Say nothing about the divorce itself until your lawyer says you can

This is the one rule that overrides all the others, and it is the one most people break around week three when they are exhausted and furious and just want someone to know what they are living through. Resist it. Anything you post about the divorce, the split of assets, what your ex did or did not do, what is fair or unfair, can be screenshot, printed, and handed to an attorney. Courts have accepted social media posts as evidence in divorce proceedings for well over a decade now. That includes direct posts, comments you leave on other people's posts, and in some jurisdictions, things you post in groups you believe are private. Before you type a single word about proceedings, custody arrangements, finances, or your ex's behavior, ask your lawyer directly: what is the line for me in my specific case? Get that answer in writing if you can. In the meantime, treat your accounts the way you would treat a deposition. Say only what you would say in a room where the other side's attorney was taking notes, because that is not a hypothetical.

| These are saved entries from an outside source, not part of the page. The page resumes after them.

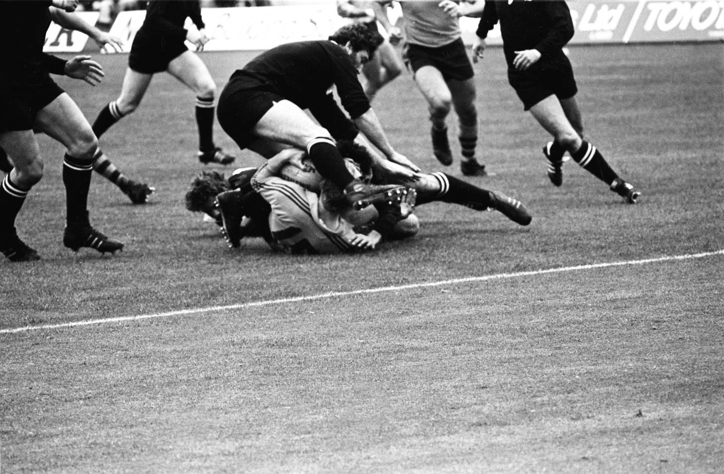 John Ashworth in the thick of the action during the All Blacks / Wallabies test series in 1978. Photo / NZMEÂ
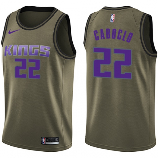 Home>NBA>Sacramento Kings>Bruno Caboclo>Youth Nike Sacramento Kings #22 Bruno Caboclo Swingman Green Salute to Service NBA Jersey
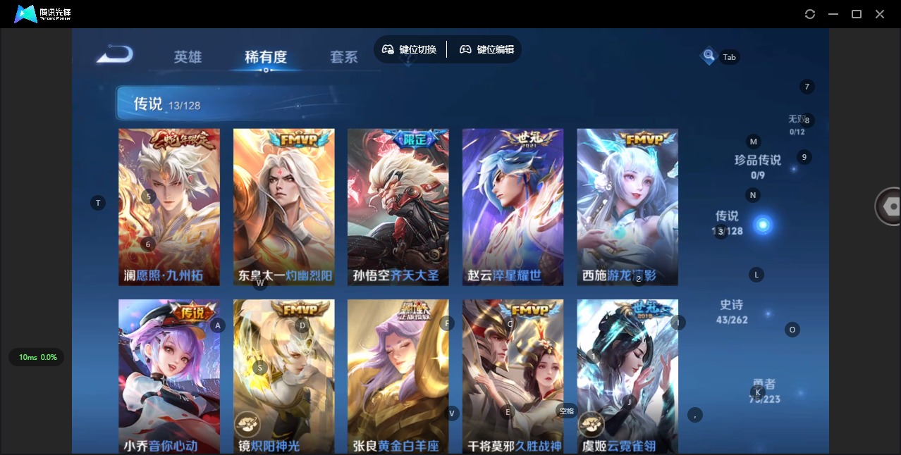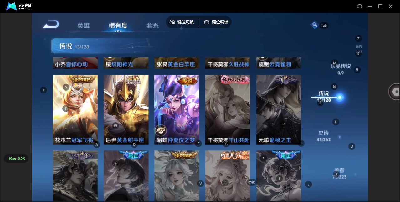 - [11295574]V10 5典藏 4无双 5珍品传说 48传说 126英雄 397皮肤 典藏英雄武则天 可修改实名 优质装备:鸣剑·曳影,九霄神辉(木兰典藏),银白咏叹调(倪克斯侍卫),弑枪猎影(韩信典藏),青丘·九尾(妲己无双),碎月剑心(李白无双),小乔时之魔女(小乔无双),器灵·螭龙剑,最初的交响(伽罗典藏),江户川柯南,怪盗基德,器灵·落星盏,大耳狗之梦,黄金狮子座,黄金射手座,云鹰飞将(小将军),久胜战神,炽阳神光,一念神魔,海洋之心,飞鸢探春,李逍遥,乞巧织情,时之恋人-刘备(电焊工),超时空战士-狄仁杰,碎云,记忆之芯(机甲兔),青丘·九尾,惊梅引,霜月吟,艾琳觅芳踪,琥珀纪元铠,琥珀纪元马超,金乌负日,黄金天蝎座 珍品传说:时之奇旅-孙策 传说皮:乘龙·问璇玑(孙尚香年限),乘龙·铭钟鼎(赵云年限),乘龙·淬吴钩(孙策年限),貂蝉曦玄引,吕布曦玄引,典韦战鼓燎原,落雪白狼,云诺千山,续相思,星之鸣奏,幻光神枪 珍宝阁皮:妄想食味,优雅恋人,玩趣恶龙 限定皮:愿照·九州拓(澜年限),愿照·福禄聚(蔡文姬年限),愿照·岁时盈(虞姬年限),愿照·山河定(司空震年限),愿照·众生和(妲己年限),愿照·千秋盛(女娲年限),逐霄战戟,映山客,陌上桑,鸣野蒿,夏侯惇霜北刀,凤求凰(白切鸡),武陵仙君(小桃花),寅虎·展翼(孙膑年限),白晶晶,时雨天司(水龙头),高山流水,诗剑行,怒海麟威,五谷丰年,青龙志(铠年限),幽恒(沐浴露),烈魂,李小龙,辉光之辰,奇迹圣诞,孙行者,大圣娶亲,寅虎·赤拳(老虎年限) 史诗皮:赞萌露比,鸭鸭历险记-刘禅,器灵·浮梦炉,糖绘人间,狼魂孤将,绮世丹青,化蝶舞,星界战将,灵蛊蚀心,龙之律动,雪豹·霜爪,小牛鸭,石田雨龙,百相守梦-周瑜,戍鼓铭心,茶境仙,破空之剑,埋骨钱,芈月浮光幕影,谪仙醉月,决胜骁骑,上官婉儿群星魔术团,蔬乡物语(鲁班七号),曹操夜都魔契,超元猎域,乘龙·聚宝船(安琪拉年限),乘龙·忆丹青(大乔年限),琥珀纪元伽罗,百相守梦-百里守约,百相守梦-黄忠,紫霞仙子,苍穹之光,电玩小子(小书包),黄金分割率,特工魅影,千年之狐,永昼,完美假期,真我赫兹(百里守约),末日机甲-莱西奥,百解令(蒙犽),高渐离燃音魔法,偶像歌手,龙骑士(小龙虾),白蛇,暗夜猫娘,魅语,无限星赏官,晚萤,青蛇,末日机甲-吕布,猫狗日记-孙策,猫狗日记-大乔

Audit your existing posts before the other side does

You probably have years of posts on your accounts, and some of them are going to look different in the context of a divorce than they did when you posted them. The photo from the Vegas trip where the caption was a joke about money. The post complaining about parenting duties on a hard night. The check-in at a bar on a Tuesday. None of these are crimes, but any of them can be framed in ways you do not want them framed. Go back through your visible posts with the deliberate, slightly cold eye of someone who does not know you and is looking for ammunition. You do not have to delete everything, and in fact your lawyer may advise against wholesale deletion because that can look like evidence tampering depending on where you are in proceedings. Ask before you delete anything. But do tighten your privacy settings so that only people you genuinely trust can see what you post going forward. This is not paranoia. This is the same common sense you would apply to any situation where you knew someone unfriendly was paying attention.

Post the life you are actually living, carefully

Going completely dark on social media is one option, and for some people it is the right one. But for a lot of people, a sudden total silence after years of regular posting reads as its own kind of announcement, and it can also feel isolating in a moment when you genuinely need connection. So if you are going to post, post the life you are actually living, just the parts that are not about the divorce. The book you are reading. The dinner you made. The friend who drove two hours to sit on your couch. The dog, always the dog. These posts serve two purposes. First, they keep your actual relationships warm without requiring you to broadcast anything private. Second, they are true, which means they cannot really be used against you. What tends to trip people up is the performative version of this, the posts that are technically about something neutral but are clearly directed at an audience of one. The caption that is a little too pointed. The quote that is a little too on-the-nose. Your ex will see it. Their lawyer might see it. And more importantly, you will have spent emotional energy on something that does not actually help you move forward.

Make a real decision about whether you follow your ex

This is not a gentle suggestion. Research consistently shows that people who unfollow, mute, or block their ex after a breakup or divorce process the experience better than people who keep watching. Every time you check their profile, you are not getting closure. You are hitting a reset button on whatever calm you had managed to build up. If you have convinced yourself that monitoring their account is strategic, is practical, is something you need for the kids or the case, be honest about whether that is actually true or whether it is the oldest human impulse in the book, which is wanting to know what someone is doing when they have stopped letting you know. The anxious pull to check their feed is not about information. Research suggests it is the same wiring that made you check your phone constantly when you were together, and it will not quiet down just because the stakes have changed. You are not being dramatic by blocking someone you were married to. You are choosing the option that research already knows works. If it helps to read more about what it feels like when they seem to be doing fine and you are not, we wrote about that directly in our piece on your ex thriving on social media while you are struggling with jealousy.

Build a private ritual for the things you cannot post

Some of what you are feeling right now is too real for a public feed and too big to just keep inside. You need somewhere to put it. This is where private rituals do something that posting genuinely cannot, which is give you back a feeling of control over something that has felt completely out of your hands. Research on grief suggests you do not have to believe a ritual will work for it to work. Write the post you will never publish and then burn the paper. Make a voice memo you will delete in the morning. Start a private, locked journal account with zero followers where you write everything. Plant something. Box up one specific object and put it somewhere you cannot see it. These small ceremonies sound odd from the outside, but they serve a real function. They give the feeling somewhere to go that is not a public record, not a screenshot someone can save, and not another thing you will look back at in two years and wish you had kept to yourself. The most honest version of what you are going through deserves a container that is actually safe.